William Henry Perkin's accidental discovery of the aniline dye color, mauve, in 1856 "changed the world," as one biographer put it, by creating a stain for slides in microscopes.

In a period from about 1878 to 1906, twenty of the microorganisms that were long the scourge of humankind were identified, and powerful drugs to combat them were developed over the next several decades.

In 1928, Frederick Griffith published an article on his work with bacteria in which he presented the first indication that nucleic acid carried the information for inheritance, or the "transforming factor," as he called it. Following in his footsteps, others confirmed the role of nucleic acid in the inheritance of traits in bacteria, and then the crucial role of A, G, C, and T combinations.

The x-ray-diffraction experiments of Franklin and Wilkins provided the final crucial step in paving the way for Watson and Crick.

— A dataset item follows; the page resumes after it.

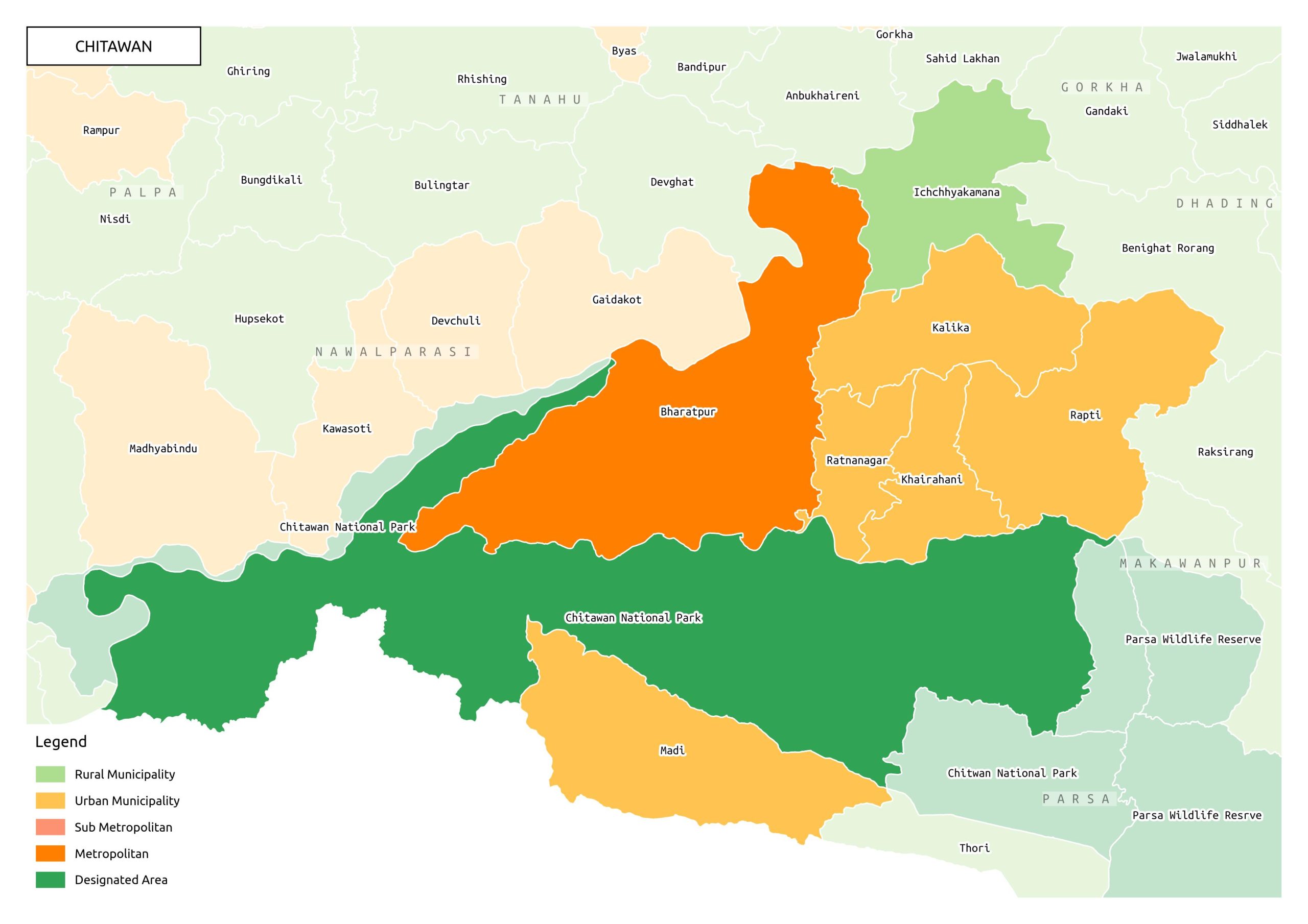 चितवनमा भरतपुर महानगरपालिकासहित रत्ननगर नगरपालिका, खैरहनी नगरपालिका, राप्ती नगरपालिका, माडी नगरपालिका, कालिका नगरपालिका र इच्छाकामना गाउँपालिका छन् । गएको स्थानीय तह निर्वाचनमा जिल्लाका ७ मध्ये एमालेले चारवटा नगरपालिका प्रमुख र पाँच जना उपप्रमुख जितेको थियो ।

The history of discovery leading up to Watson and Crick's double helix revelation is one of gradual, piecemeal contributions to knowledge, and an ever-broader group of scientists will continue to contribute to progress by adding bit-by-bit to the discovery process, not by abandoning it for some illusory, unscientific "holism." The structure of life and its functioning as understood by modern molecular biologists is far more complex, intricate, and detailed than ever imagined by "holistic" critics of "reductionist science."

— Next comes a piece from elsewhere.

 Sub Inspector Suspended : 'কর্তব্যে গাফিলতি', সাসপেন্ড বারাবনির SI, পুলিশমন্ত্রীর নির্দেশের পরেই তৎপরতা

In addition to their theoretical beauty, reductionist understandings are of practical value, leading to the creation of pharmaceuticals and improved foodstuffs, doubling life expectancies and making us healthier. Indeed, one of the primary reasons that medicine is becoming ever more effective is that it is becoming ever more specific in its targets; toxic or other adverse side effects are less likely as medicine becomes less "holistic." For instance, pharmaceuticals are being designed to use the body's peptide "zip codes" to seek out cancerous cells in a process called "molecular targeting," enabling us to interfere with cancer cells' reproduction without disrupting normal cells.

A Note on "Eurocentrism"

Criticism of modern science as "reductionist" often carries with it a belief in the victimization by science of women, the underprivileged, and ecosystems. Meera Nanda has suggested the opposite may be closer to the truth: awareness of DNA can be liberating. Nanda suggests it would be "interesting" to see the reaction of "untouchables" in India to the "knowledge that DNA material...has the same composition in all living beings, be it Brahmin or bacterium."

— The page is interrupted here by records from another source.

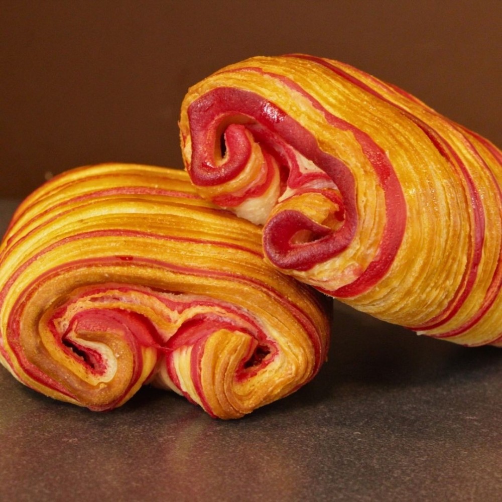 Farine T45, Farine T65, beurre AOP, sucre, poudre de lait, levain, eau, oeufs, miel, crème fraiche épaisse,levure.chocolat gianduja fraises intense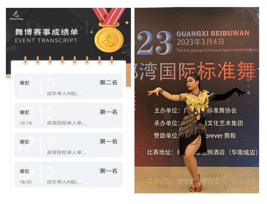3月4日,中国·广西首届北部湾国际标准舞全国公开赛在广西南宁正式开赛。由人文教育学院舞蹈表演专业(国标舞兼修)学生潘宏、丁小丫、王雨嫣、王雨桐组成的北海艺术设计学院国标舞代表队,在青年教师李晓飞和周琦涵的带领下出战比赛,一举斩获冠军8项、亚军2项、季军2项、殿军1项的佳绩。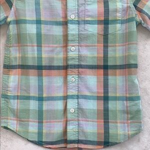 Nice, button down, short sleeve, plaid shirt with mint green, blue, yellow, and light orange colors. In excellent, clean condition! A perfect addition to his spring and summer wardrobe!
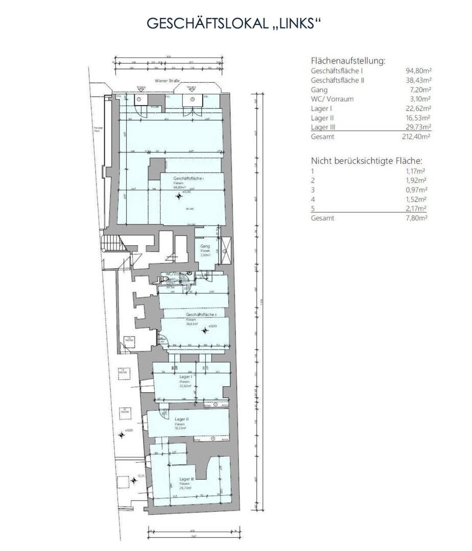 Das Haus hat eine Gesamtnutzfläche von ca. 744 m 2 und besteht aus Erdgeschoß , dem ersten Obergeschoß sowie dem Rohdachboden . Das Objekt gliedert sich in zwei Geschäftslokale (ca. 477 m 2 ) sowie drei exklusive Wohnungen (ca. 267 m 2 ).

"Reductionist science" is a powerful argument against racial prejudice and bigotry of all kinds. Racial and gender prejudice are traditions of long standing in most cultures; the "local knowledge" touted by the postmodernists is not a cure for that prejudice but the basis of its perpetuation. Perhaps the theme song of this fiftieth-anniversary celebration should be (with apologies to the late Bob Marley): "one DNA...let's get together and be all right!"

The centuries of inquiry leading up to the double helix in some sense fits the postmodernist stereotyping of "Western" science, since it was largely carried out by white, northern-European and North American males. But today, a tour of the world's great research labs, including those in the United States, reveals that the old "Eurocentric" cohort is a shrinking one in most of them. For a short time, Europe's technological advantage gave it the edge in scientific discovery, but science and its benefits now belong to the world as a whole, regardless of what the postmodernists say.

The Complexity of the Reductionist View

We live in a complex world, and however reductionist a theory may appear to be, it must generate and explain complexity and diversity to gain acceptance. Specificity and reductionism in science have been achieved precisely because researchers are aware of layers and layers of complexity and seek to understand it by gathering ever more detailed data. Little evidence is required for grand and often simplistic "holistic" theories and few useful predictions or discoveries come from them though their advocates insist on using them to describe the world. Few ideas in modern thought are more "reductionist" in the sense of absurdly oversimplifying things than the oft-repeated assertion that modern science is mere reductionism and thus fails to explain the world.